STORED DATA:
BEGIN
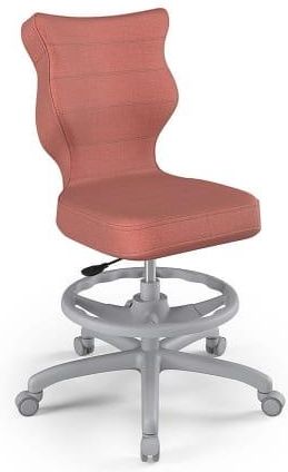 Krzesło dziecięce Petit z podnóżkiem tkanina Monolith kolor różowy Model Petit z podnóżkiem dopasowany do biurek o wysokości 70-82 cm. Nowoczesne krzesło z podnóżkiem Petit z szarą podstawą jest innowacyjną propozycją. Cała seria charakteryzuje się głównym motywem przewodnim jakim jest ergonomiczny kształt i propagowanie zdrowej postawy podczas siedzenia. W jaki sposób to niezwykłe krzesło wpisuje się w tę koncepcję? Oparcie jest ściśle dopasowane do ukształtowania kręgosłupa. Sprawia to, że plecy mniej się męczą. Nasze krzesło tapicerowane wymusza przybranie zdrowej pozycji siedzącej która jednocześnie zapewnia maksimum komfortu.
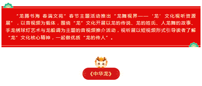 【我们的中国梦·图书馆里过大年系列活动】| “龙腾书海 春满文苑”春节主题活动——“龙”文化视听资源展示(一)
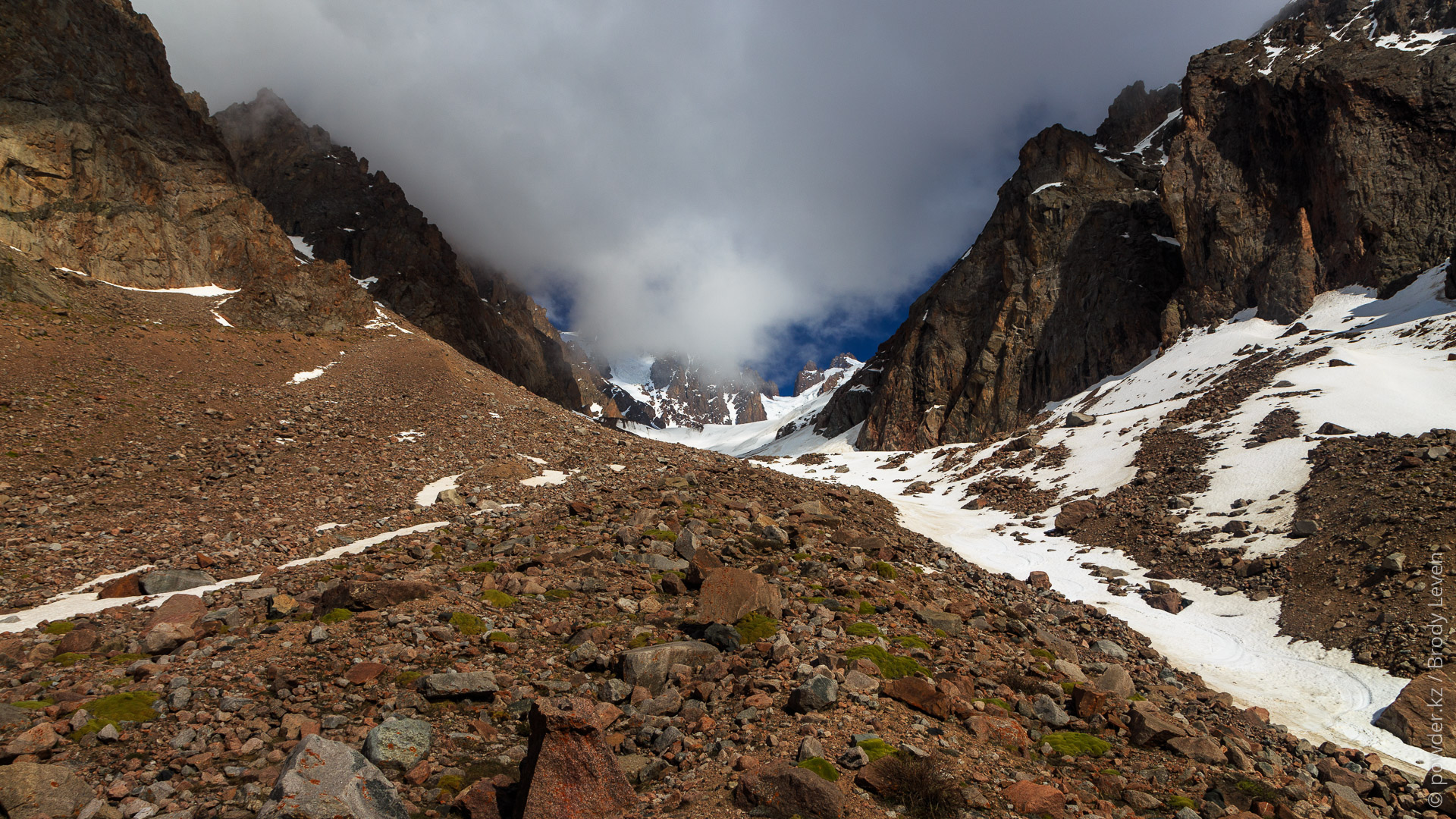 Не вижу смысла детально описывать пятикилометровый переход на «тэшку», но отмечу, что выше плотины Мынжылки 3000м, где мы продолжили подъем уже на лыжах, было невиданное мной ранее количество снега. Вначале возле ручья это не было так заметно, но дальше после поворота налево дорога просто исчезла под снегом, количество которого просто сгладило все неровности рельефа. Впервые пришлось брать немного вправо вверх, на морены «Зеленого кара», чтобы найти безопасный проход. Было не страшно, но неприятно уж точно. Все эти нюансы и пробивание тропы немного нас замедлили, но все же мы быстро дошли до финишной точки.
END
EXERCISE: Leaving each image aside, repeat the listing above exactly.

EXERCISE OUTPUT:
 Krzesło dziecięce Petit z podnóżkiem tkanina Monolith kolor różowy Model Petit z podnóżkiem dopasowany do biurek o wysokości 70-82 cm. Nowoczesne krzesło z podnóżkiem Petit z szarą podstawą jest innowacyjną propozycją. Cała seria charakteryzuje się głównym motywem przewodnim jakim jest ergonomiczny kształt i propagowanie zdrowej postawy podczas siedzenia. W jaki sposób to niezwykłe krzesło wpisuje się w tę koncepcję? Oparcie jest ściśle dopasowane do ukształtowania kręgosłupa. Sprawia to, że plecy mniej się męczą. Nasze krzesło tapicerowane wymusza przybranie zdrowej pozycji siedzącej która jednocześnie zapewnia maksimum komfortu.
 【我们的中国梦·图书馆里过大年系列活动】| “龙腾书海 春满文苑”春节主题活动——“龙”文化视听资源展示(一)
 Не вижу смысла детально описывать пятикилометровый переход на «тэшку», но отмечу, что выше плотины Мынжылки 3000м, где мы продолжили подъем уже на лыжах, было невиданное мной ранее количество снега. Вначале возле ручья это не было так заметно, но дальше после поворота налево дорога просто исчезла под снегом, количество которого просто сгладило все неровности рельефа. Впервые пришлось брать немного вправо вверх, на морены «Зеленого кара», чтобы найти безопасный проход. Было не страшно, но неприятно уж точно. Все эти нюансы и пробивание тропы немного нас замедлили, но все же мы быстро дошли до финишной точки.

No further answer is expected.